- **Stored data**
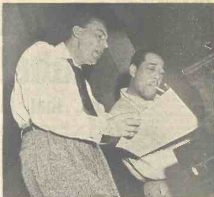
In working mood, Duke Ellington discusses a vocal problem with Woody Herman.

But Ellington's artistic ideals rose far above upward limits
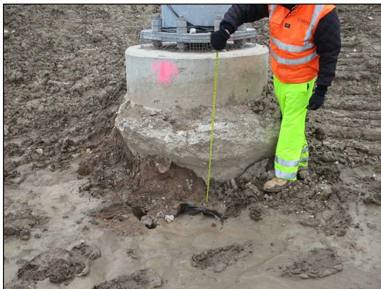
Figure 4.3.3-4: Exposed Foundation Due to Adjacent Construction Work. Condition State 3.
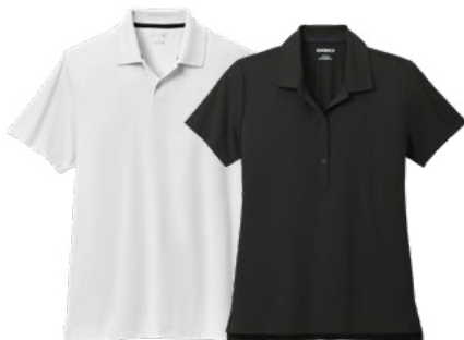
OGIO® REGAIN POLOS 5-ounce, 88/12 recycled poly/recycled spandex OG170 | XS-4XL | 8 colors LOG170 | Women's XS-4XL | 6 colors

- **To do**
Reproduce each line of the material that mentions "Ellington".

- **Solution for this exercise**
In working mood, Duke Ellington discusses a vocal problem with Woody Herman.
But Ellington's artistic ideals rose far above upward limits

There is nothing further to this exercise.